Dynamics of a microbial community during ensiling and upon aerobic exposure in lactic acid bacteria inoculation-treated and untreated barley silages

Highlights

• The stability of silage was improved in LAB-treated barley silage upon aerobic exposure.

• LAB inoculant treatment regulated the effects of aerobic exposure on bacterial community in barley silage upon aerobic exposure.

• The structure of fungal population was significantly modified by LAB inoculant treatment during ensiling.

Abstract

This study investigated the effects of lactic acid bacteria on bacterial and fungal community during the fermentation process and aerobic exposure phase of barley ensiled with preparation of lactic acid bacteria (LAB). The inoculated silages displayed higher contents of lactic acid, acetic acid, and propionic acid as well as a greater number of lactic acid bacteria during ensiling. LAB-treated silage decreased the bacterial diversity during both ensiling and aerobic exposure but increased the fungal diversity during ensiling of barley. LAB-treated silage during ensiling increased the abundance of Lactobacillus but decreased that of Weissella. After aerobic exposure, LAB-treated silage increased the abundance of Lactobacillus but decreased that of Acinetobacter. Acinetobacter, Enterococcus, Providencia, and Empedobacter were the dominant bacteria after aerobic exposure. In conclusion, LAB-treated silage enhanced the number of desirable Lactobacillus and inhibited the growth of undesirable microorganisms, such as Acinetobacter.

Introduction

Barley is one of the main silage materials in China. In the process of feeding, it is easy to cause aerobic spoilage in silage, which not only increases the loss of nutrients, but also reduces the palatability of silage. The growth and reproduction of yeast, mold and some aerobic bacteria, accompanied with the raise of temperature and pH value lead to the decay of silage when the silage is exposed to air (da Silva et al., 2015). These problems might be resolved through the addition of selective additives, which could improve aerobic stability and reduce toxic substances during ensiling. In recent years, silage starter cultures have been widely used to improve the acid formation rate at the onset of ensiling and the stability after aerobic exposure (da Silva et al., 2018, Li et al., 2018, Parvin et al., 2010). The addition of microbial inoculants, such as homofermentative and heterofermentative lactic acid bacteria (LAB), dominates the natural bacteria in the forage and affects the dynamics of the microbial communities during the ensiling (Kung, 1998, Wang et al., 2006). However, the characteristics of fermentative were varied with each individual strain from different silage materials. Inglis et al. (1999) reported the addition of LAB inoculants contained Lactobacillus plantarum and Enterococcus faecium couldnot prevent from deterioration of barley silage in the process of ensiling. While some studies also concentrated on fermentation efficiency, quality, and aerobic stability of the silage by adding LAB inoculants to ensiled plants (Filya et al., 2006, Eikmeyer et al., 2013, Ni et al., 2017a). Several of LAB strains with perfect fermentative parameter were isolated from specific silage materials, such as ryegrass silage, rice straw silage, corn silage (data unpublished), and cultured by our laboratory. Therefore, it is essential to investigate the microbial composition in the process of ensiling and upon aerobic exposure in barley silage treated with LAB inoculants cultured from our laboratory. The quality of the silage depends on the microbial communities and their succession as well as the fermentative metabolites at the onset of ensiling. A better understanding of the microbial communities involved in the ensiling process and upon aerobic exposure could provide additional insight into approaches to improve the conservation of barley silage.

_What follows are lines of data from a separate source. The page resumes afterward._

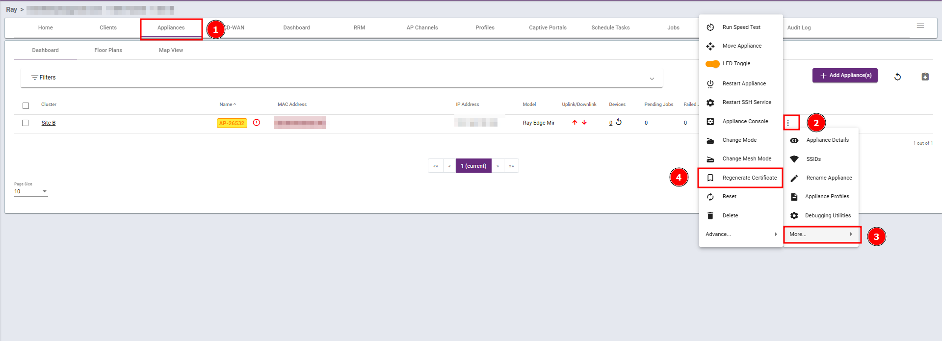 Steps 1: Navigate to the Appliances section, select Regenrate Certificate.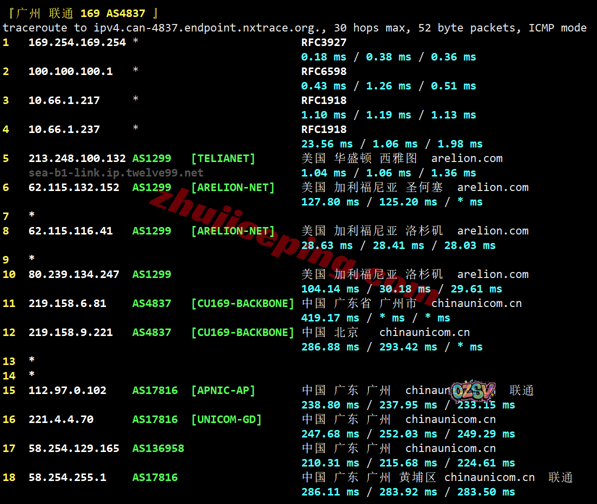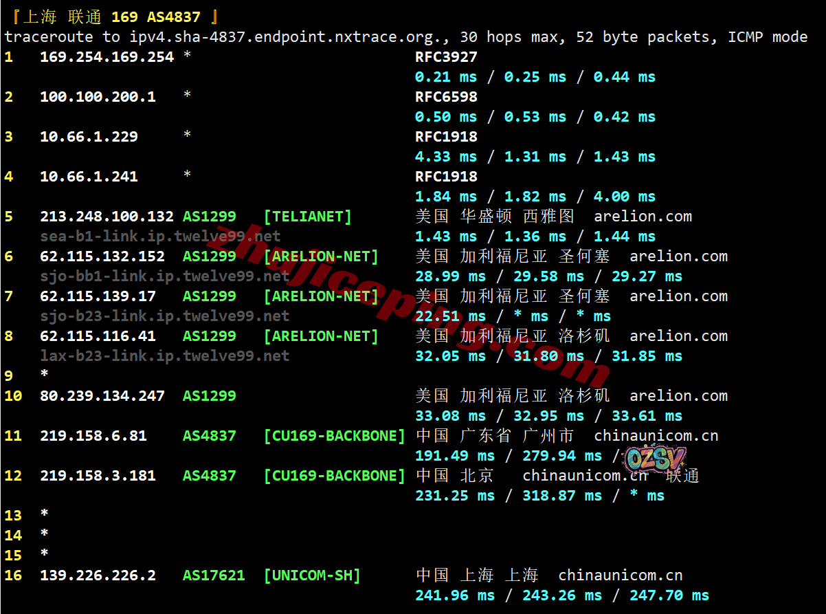联通去程:直连联通美国洛杉矶节点然后接telia经过帕洛阿尔托、圣何塞去西雅图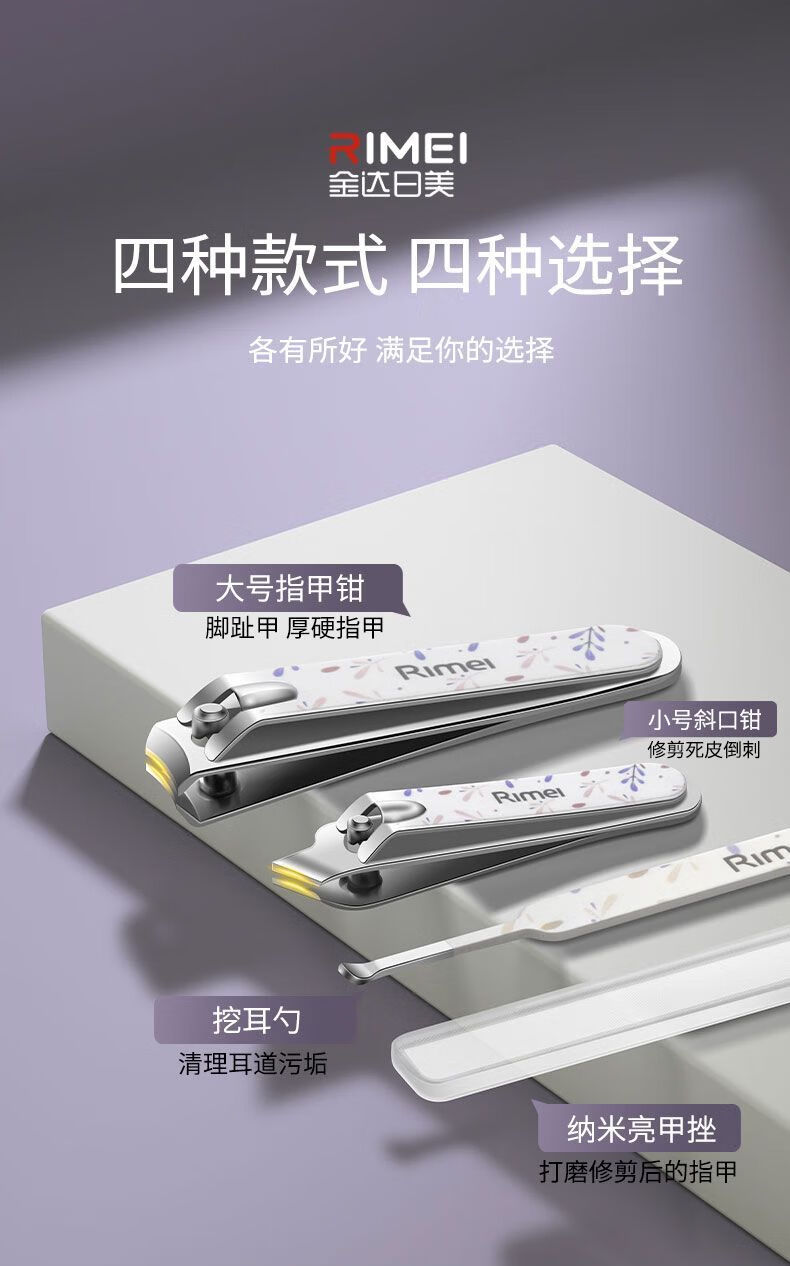 金达日美指甲剪套装平口斜口指甲刀修甲美甲的专用工具指甲钳全套修剪工具 薰衣草指甲钳套装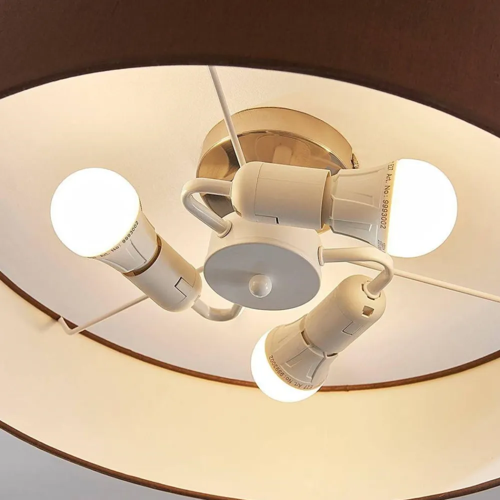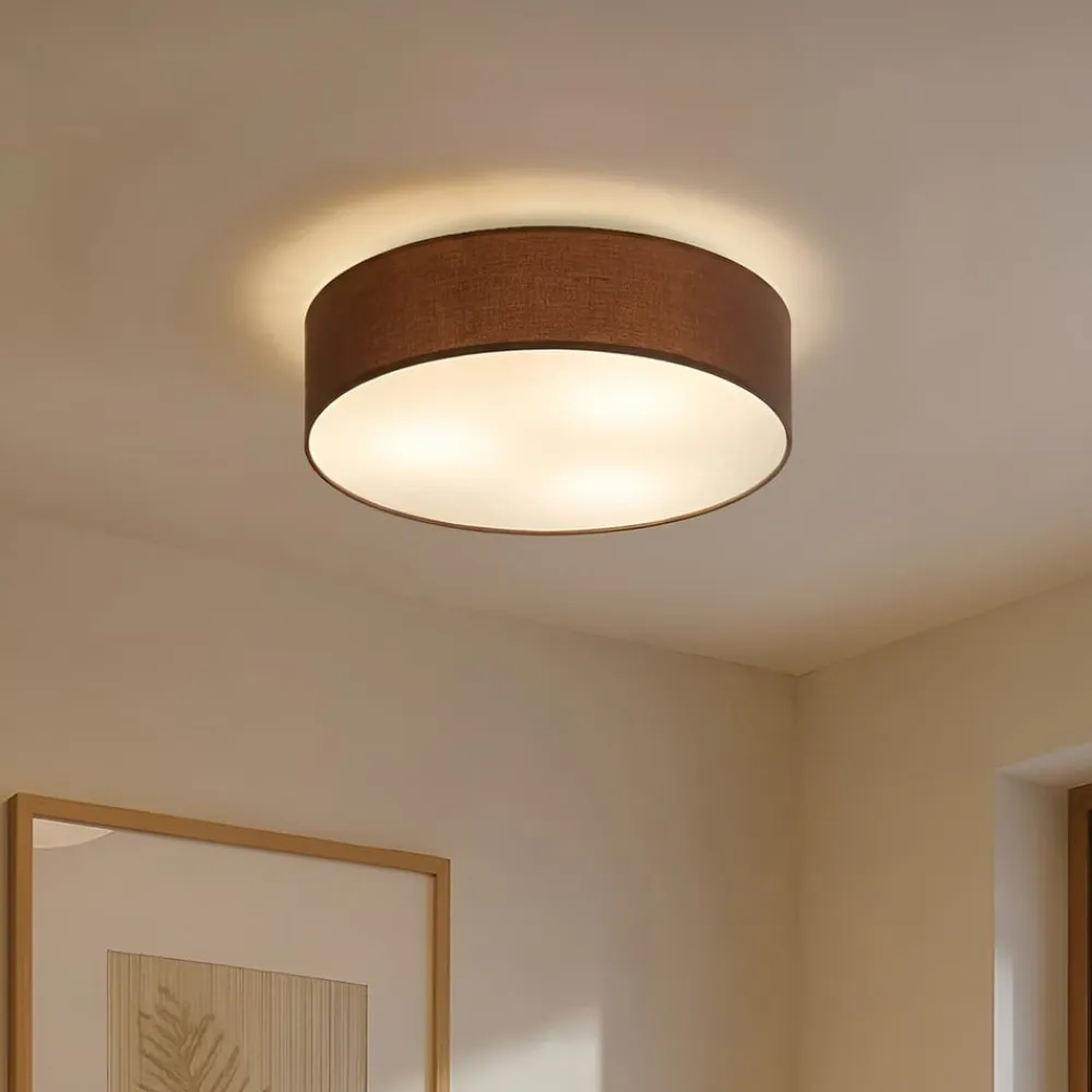Sebatin loftlampe i brun til E27-lamper Brun er en smuk farve, som bliver mere og mere populær, og som falder i god jord, når det gælder indretning af boligarealer. Lyset fra Sebatin loftlampen er varmt og hyggeligt. Ydersiden af skærmen er lavet af brunt stof, undersiden er også stofbeklædt, men her med en hvid overflade, så der stadig kan slippe tilstrækkeligt med lys ind i boligarealet. Lampen kan monteres med E27-pærer.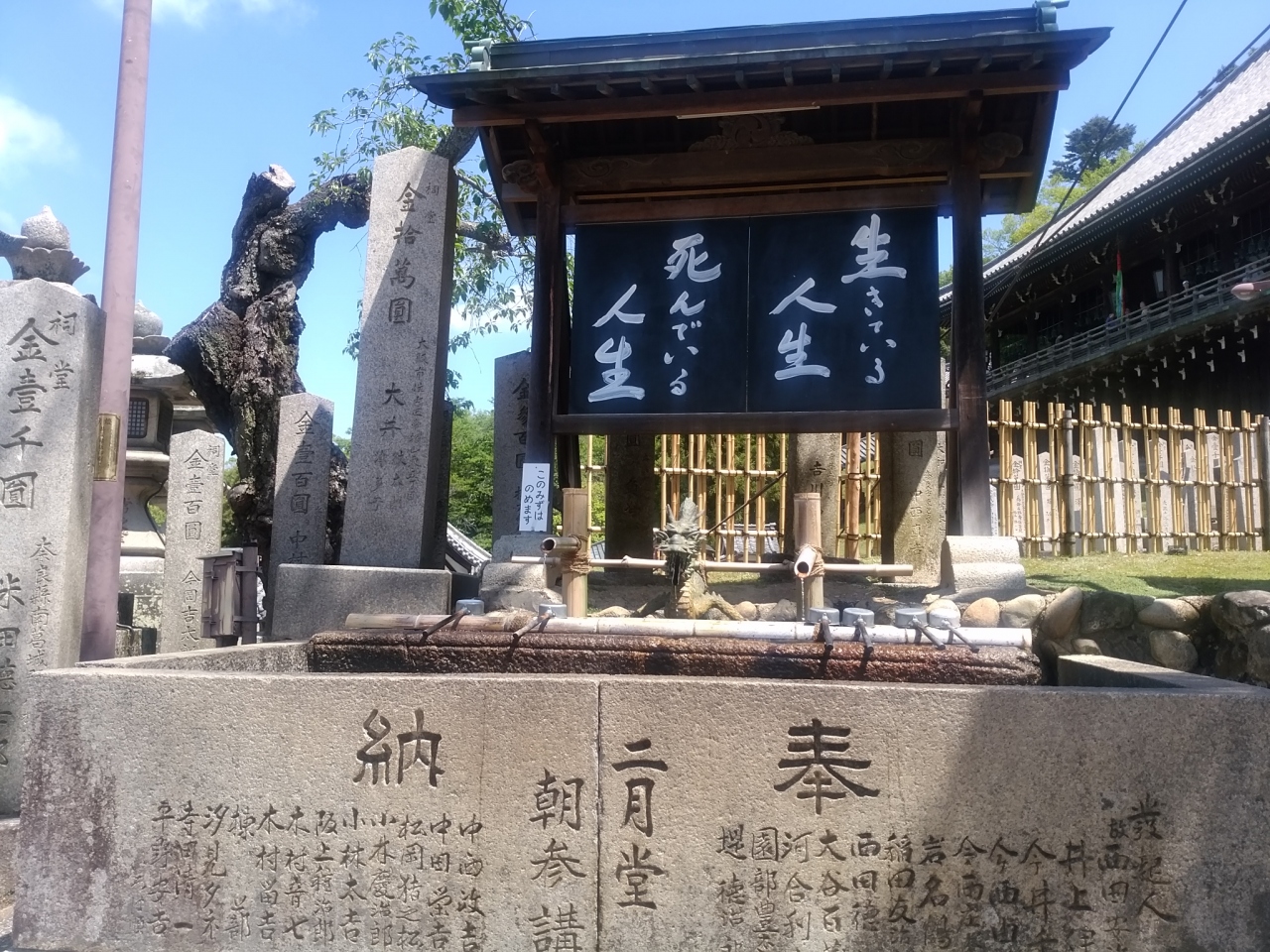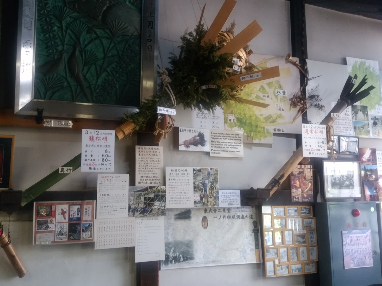 十数年前に来た時は雨で駐車場に待機していましたが、今回は時間をかけて見学したので東大寺だけで2時間以上かかりました。今度で3・4度目ですが現役時代は観光場所に沢山行く事が目的で記憶が曖昧になっている場所もあります。登大路駐車場の近くに車を預けて一番近くの戒壇堂、大仏池、指図堂、大仏殿を観た後に大仏殿横にある風情ある坂を登ると二月堂です。入口には立派な手水舎があり右奥にある階段を登って本堂へ、本尊は大観音と小観音と呼ばれる2体の十一面観音像で、何人も見る事を許されない絶対秘仏だそうです。本堂を参拝した帰り道に休憩所がありお茶を飲む事ができますが、セルフサービスです(飲んだ茶碗は洗って元の場所に返却します)。この休憩所の壁には有名なお水取りの籠松明が飾ってありました。休憩所から来た道を少し帰ると長い下り階段を降りるのですが、すべてが良かったです。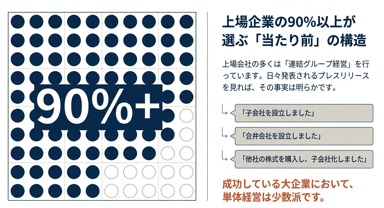 事実として、国内上場企業の90%以上が連結グループ経営を採用しています。彼らが子会社設立やM&Aを繰り返すのは、それが持続的成長のための「標準的な生存戦略」だからに他なりません。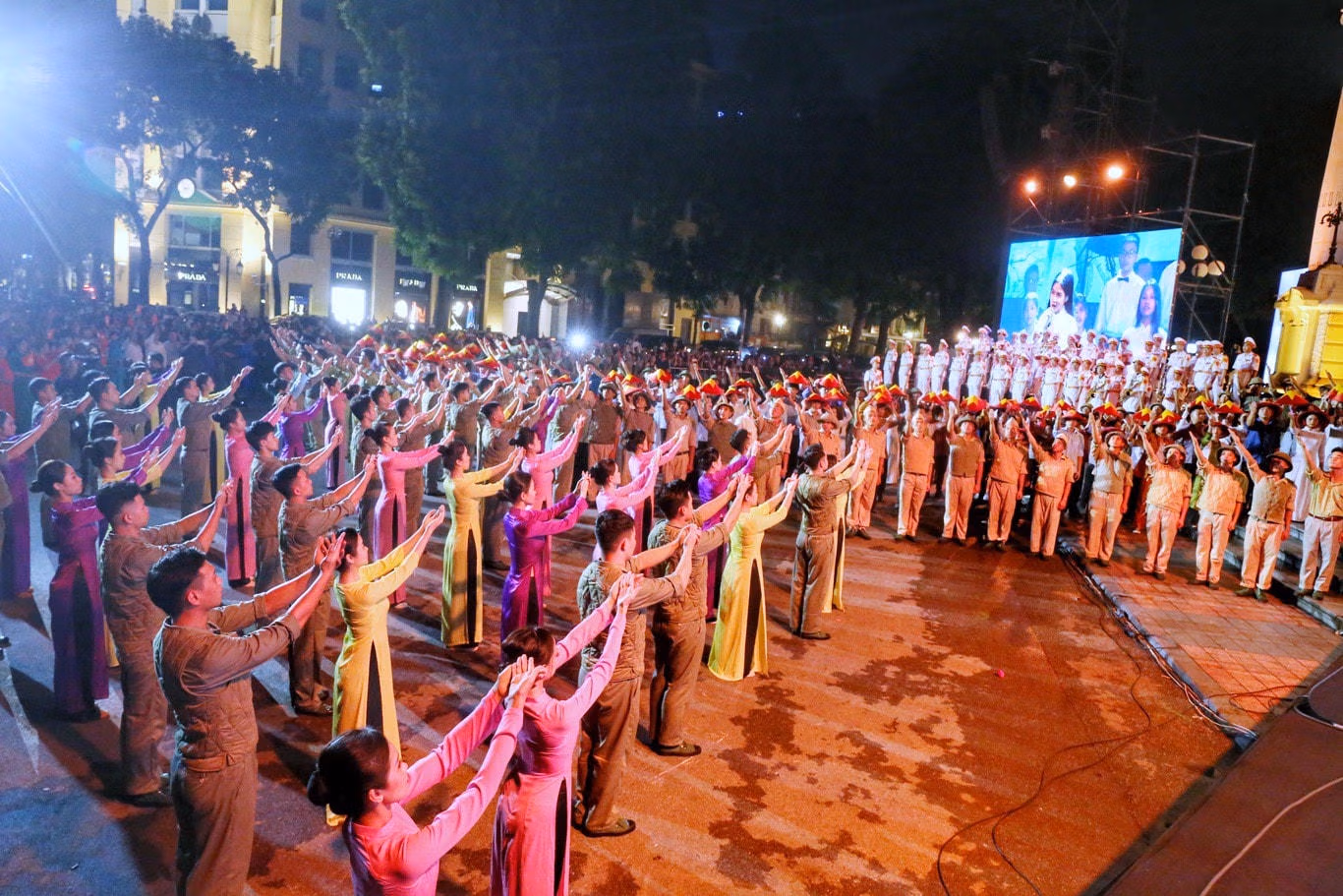 Đáng chú ý, chương trình có sự kết hợp công phu ở cả sân khấu ngoài trời và bên trong Nhà hát Lớn với sự tham gia của hàng trăm nghệ sĩ, diễn viên. Đặc biệt, ca khúc “Tiến về Hà Nội” cùng màn tái hiện sân khấu hóa với bài hát “Tiến quân ca” tại Quảng trường 19/8, đưa người xem trở về không khí hào hùng, xúc động của những ngày Tháng Tám lịch sử cách đây 78 năm.

The effects of silage additives on the microbial community composition of silage can be assessed using different techniques, such as culture-based techniques (Ercolini, 2004), real-time PCR (Stevenson et al., 2006), and characterizing the denaturing gradient gel electrophoresis bands. However, all of these approaches underestimate the microbial community composition (Kraut-Cohen et al., 2016). These methods could identify only a few of the predominant operational taxonomic units (OTU) (Temmerman et al., 2003). The next-generation sequencing (NGS) provides a practical method for conducting amplicon sequencing. High throughput sequencing of microbial communities is widely used in various environments (Adams et al., 2009), including silages (Nishino, 2015). By extending the use of NGS technique to ensiling, the effects of the environment and management practices (e.g., crop type, addition of inoculants) on microbial population shifts can be estimated. At present, few reports have applied NGS technique to characterize silage ecology, such as describing the microbial population in alfalfa silage and in an unspecified grass silage (McGarvey et al., 2013, Eikmeyer et al., 2013).

This study aimed to describe the effect of LAB inoculants on fermentation and the bacterial and fungal community dynamics during ensiling and upon aerobic exposure by applying NGS high-throughput sequencing.